### TASK BRIEF
Using the entries that follow, transcribe only the lines from the line with "ingredients : Water" to the line with "Le ministre a", both included, exactly as they stand and without pictures.

*** Opening TASK DATA ***

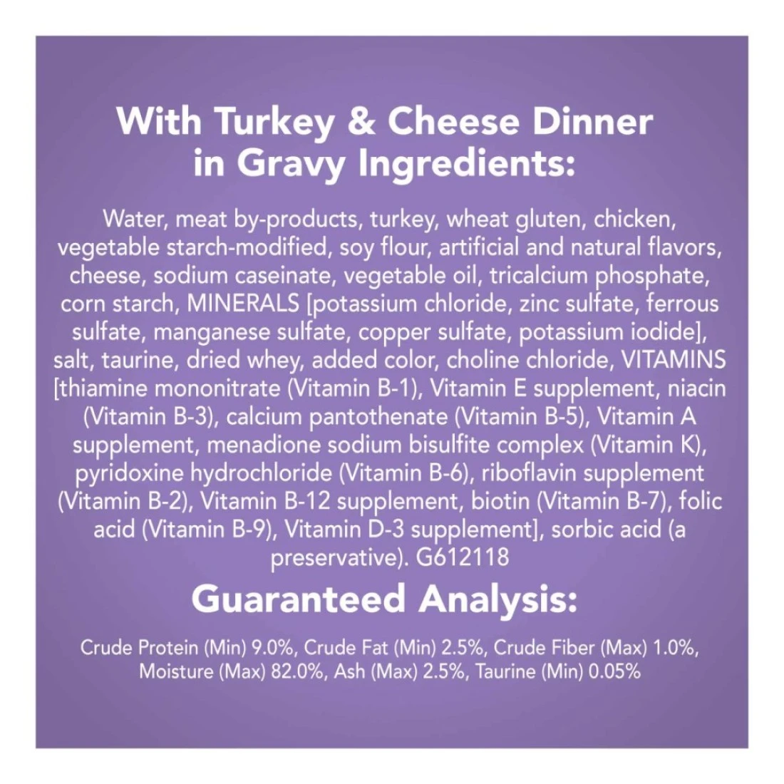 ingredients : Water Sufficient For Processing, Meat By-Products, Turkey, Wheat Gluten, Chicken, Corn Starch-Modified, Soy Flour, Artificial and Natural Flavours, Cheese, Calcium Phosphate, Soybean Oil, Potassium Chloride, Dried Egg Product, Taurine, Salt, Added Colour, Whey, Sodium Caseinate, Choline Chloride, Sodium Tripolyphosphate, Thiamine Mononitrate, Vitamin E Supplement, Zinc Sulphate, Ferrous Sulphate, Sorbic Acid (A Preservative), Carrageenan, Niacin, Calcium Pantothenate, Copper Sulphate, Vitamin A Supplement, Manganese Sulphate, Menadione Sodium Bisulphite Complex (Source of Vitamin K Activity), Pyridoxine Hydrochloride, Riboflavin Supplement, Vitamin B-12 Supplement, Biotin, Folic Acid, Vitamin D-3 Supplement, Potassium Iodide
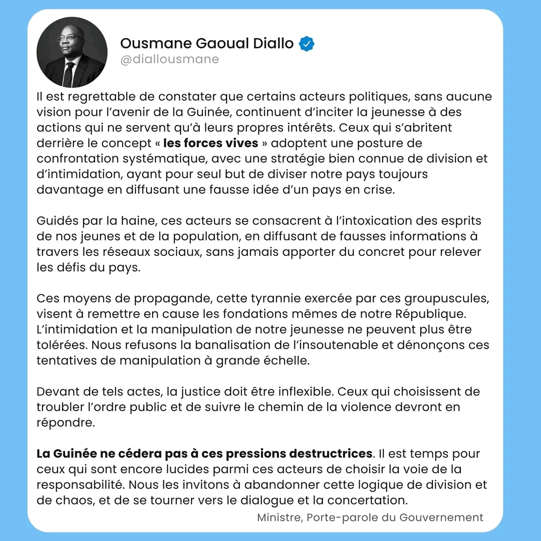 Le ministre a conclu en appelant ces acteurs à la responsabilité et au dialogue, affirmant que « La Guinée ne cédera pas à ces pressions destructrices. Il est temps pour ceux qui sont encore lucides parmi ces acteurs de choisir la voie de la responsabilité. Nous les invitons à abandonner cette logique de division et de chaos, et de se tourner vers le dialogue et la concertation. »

*** Closing TASK DATA ***
*** Opening TASK DATA ***

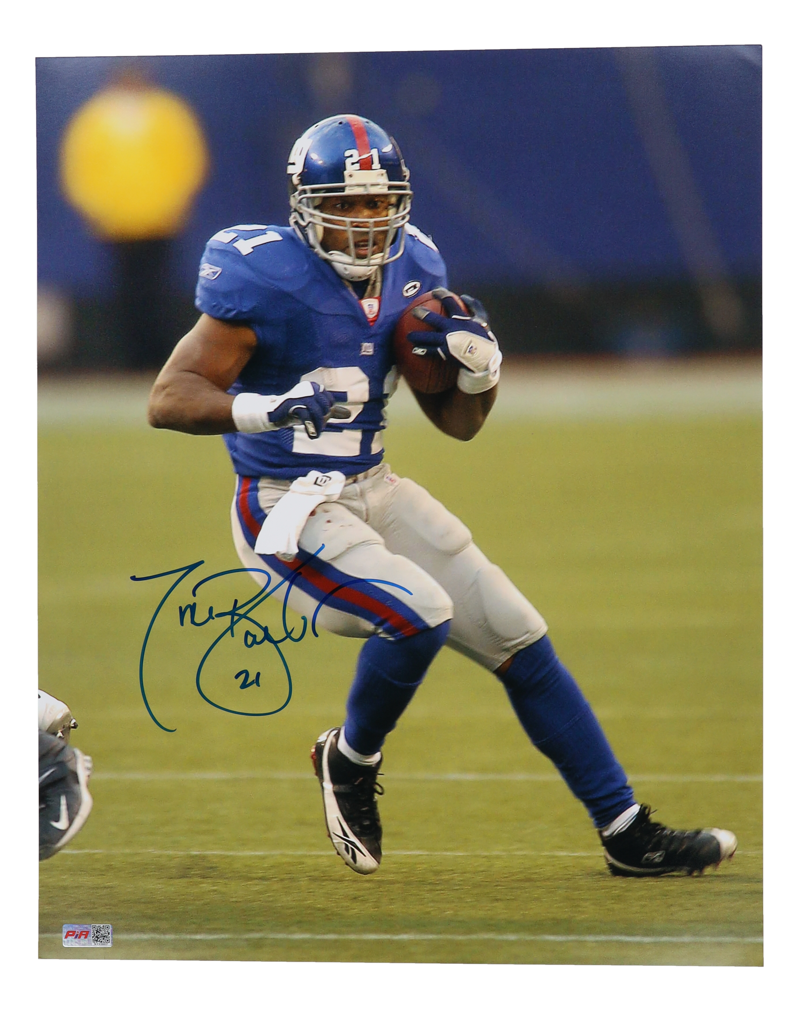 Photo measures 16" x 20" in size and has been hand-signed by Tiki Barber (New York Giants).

*** Closing TASK DATA ***

### ANSWER BOX
 ingredients : Water Sufficient For Processing, Meat By-Products, Turkey, Wheat Gluten, Chicken, Corn Starch-Modified, Soy Flour, Artificial and Natural Flavours, Cheese, Calcium Phosphate, Soybean Oil, Potassium Chloride, Dried Egg Product, Taurine, Salt, Added Colour, Whey, Sodium Caseinate, Choline Chloride, Sodium Tripolyphosphate, Thiamine Mononitrate, Vitamin E Supplement, Zinc Sulphate, Ferrous Sulphate, Sorbic Acid (A Preservative), Carrageenan, Niacin, Calcium Pantothenate, Copper Sulphate, Vitamin A Supplement, Manganese Sulphate, Menadione Sodium Bisulphite Complex (Source of Vitamin K Activity), Pyridoxine Hydrochloride, Riboflavin Supplement, Vitamin B-12 Supplement, Biotin, Folic Acid, Vitamin D-3 Supplement, Potassium Iodide
 Le ministre a conclu en appelant ces acteurs à la responsabilité et au dialogue, affirmant que « La Guinée ne cédera pas à ces pressions destructrices. Il est temps pour ceux qui sont encore lucides parmi ces acteurs de choisir la voie de la responsabilité. Nous les invitons à abandonner cette logique de division et de chaos, et de se tourner vers le dialogue et la concertation. »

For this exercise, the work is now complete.